Re: [HACKERS] gettimeofday() goes backwards on FreeBSD 4.9

2003-11-28 Thread Marc G. Fournier
On Fri, 28 Nov 2003, Neil Conway wrote:

> "Marc G. Fournier" <[EMAIL PROTECTED]> writes:
> > On Fri, 28 Nov 2003, Neil Conway wrote:
> >> $ uname -a
> >> FreeBSD home.samurai.com 4.9-RELEASE [...]
> >
> > what is kern.timecounter.method set to?
>
> $ sysctl kern.timecounter.method
> kern.timecounter.method: 0
>
> FYI, I ran the test program for another 30 minutes (an hour in total)
> without any output.

Great, I love consistent results :)  Some have 5.x that do it, some don't
... 4.x does it on all my machines, but not yours ...

What kinda processor are you running?  Intel or AMD?  Mine are all Intel
...


Marc G. Fournier   Hub.Org Networking Services (http://www.hub.org)
Email: [EMAIL PROTECTED]   Yahoo!: yscrappy  ICQ: 7615664

---(end of broadcast)---
TIP 8: explain analyze is your friend


Re: [HACKERS] gettimeofday() goes backwards on FreeBSD 4.9

2003-11-28 Thread Neil Conway
"Marc G. Fournier" <[EMAIL PROTECTED]> writes:
> On Fri, 28 Nov 2003, Neil Conway wrote:
>> $ uname -a
>> FreeBSD home.samurai.com 4.9-RELEASE [...]
>
> what is kern.timecounter.method set to?

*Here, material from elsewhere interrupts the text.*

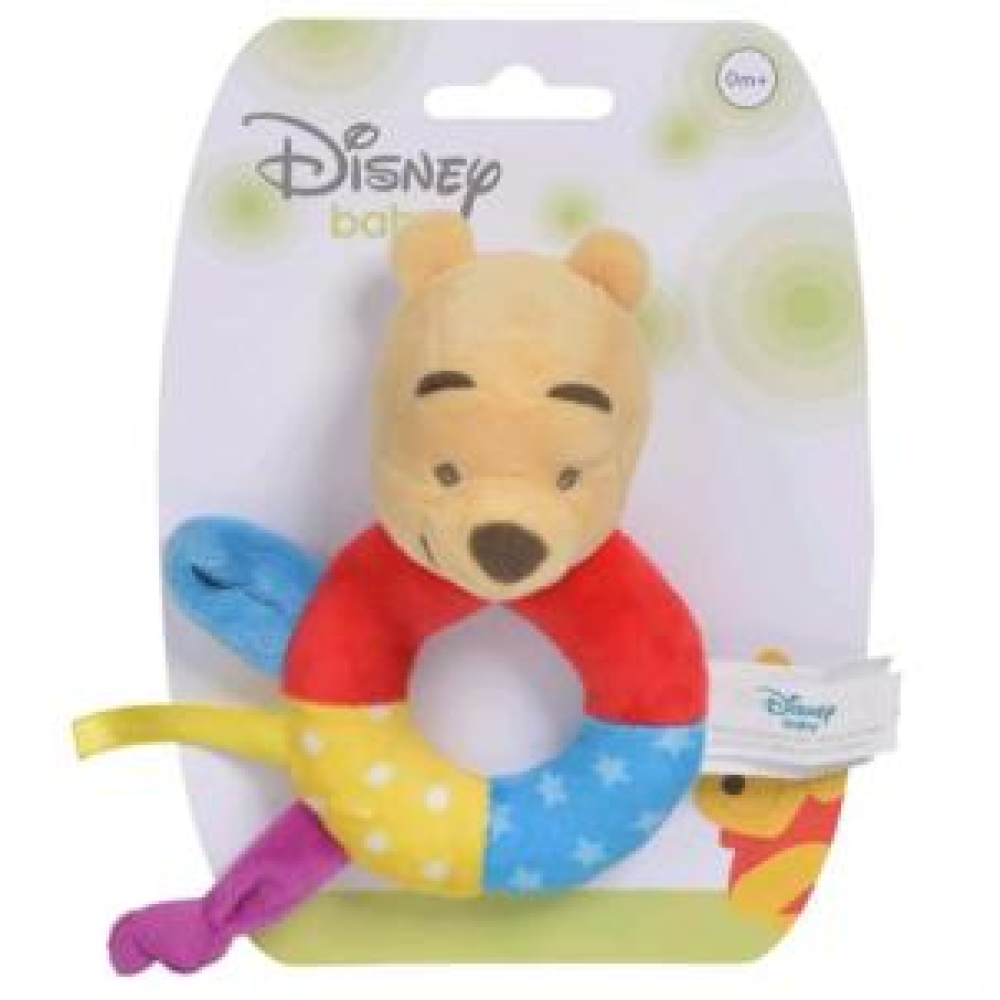 Winnie the Pooh ring rattle – ultra-soft plush – 14 cm – baby rattle toy

$ sysctl kern.timecounter.method 
kern.timecounter.method: 0

FYI, I ran the test program for another 30 minutes (an hour in total)
without any output.

-Neil


---(end of broadcast)---
TIP 3: if posting/reading through Usenet, please send an appropriate
  subscribe-nomail command to [EMAIL PROTECTED] so that your
  message can get through to the mailing list cleanly


Re: [HACKERS] gettimeofday() goes backwards on FreeBSD 4.9

2003-11-28 Thread Marc G. Fournier
On Fri, 28 Nov 2003, Neil Conway wrote:

> $ uname -a
> FreeBSD home.samurai.com 4.9-RELEASE FreeBSD 4.9-RELEASE #0: Thu Nov  6 21:25:41 EST 
> 2003 [EMAIL PROTECTED]:/usr/obj/usr/src/sys/SAMURAI  i386
>
> This machine produces no output after running the test app for about
> 30 minutes.

what is kern.timecounter.method set to?


Marc G. Fournier   Hub.Org Networking Services (http://www.hub.org)
Email: [EMAIL PROTECTED]   Yahoo!: yscrappy  ICQ: 7615664

---(end of broadcast)---
TIP 1: subscribe and unsubscribe commands go to [EMAIL PROTECTED]


Re: [HACKERS] gettimeofday() goes backwards on FreeBSD 4.9

2003-11-28 Thread Tom Lane
"Marc G. Fournier" <[EMAIL PROTECTED]> writes:
>> 15 minutes of error is acceptable?

> Apparently *shrug*  That was just the first answer back though, so we'll
> see what happens ...

BTW, it seems from this thread that the BIND guys have seen even more
bogus behavior than this from gettimeofday() on BSD.  Their attitude is
clearly "BSD is broken":

http://www.isc.org/ml-archives/bind-users/2001/01/msg01246.html


regards, tom lane

---(end of broadcast)---
TIP 4: Don't 'kill -9' the postmaster


Re: [HACKERS] gettimeofday() goes backwards on FreeBSD 4.9

2003-11-28 Thread Marc G. Fournier
On Fri, 28 Nov 2003, Tom Lane wrote:

> "Marc G. Fournier" <[EMAIL PROTECTED]> writes:
> > Just got my first response on this, and, in fact, this is 'acceptable
> > behaviour' to a certain extent ... there is a kernel tuneable called
> > kern.timecounter.method, that is either 1 or 0:
>
> 15 minutes of error is acceptable?

Apparently *shrug*  That was just the first answer back though, so we'll
see what happens ...


Marc G. Fournier   Hub.Org Networking Services (http://www.hub.org)
Email: [EMAIL PROTECTED]   Yahoo!: yscrappy  ICQ: 7615664

---(end of broadcast)---
TIP 5: Have you checked our extensive FAQ?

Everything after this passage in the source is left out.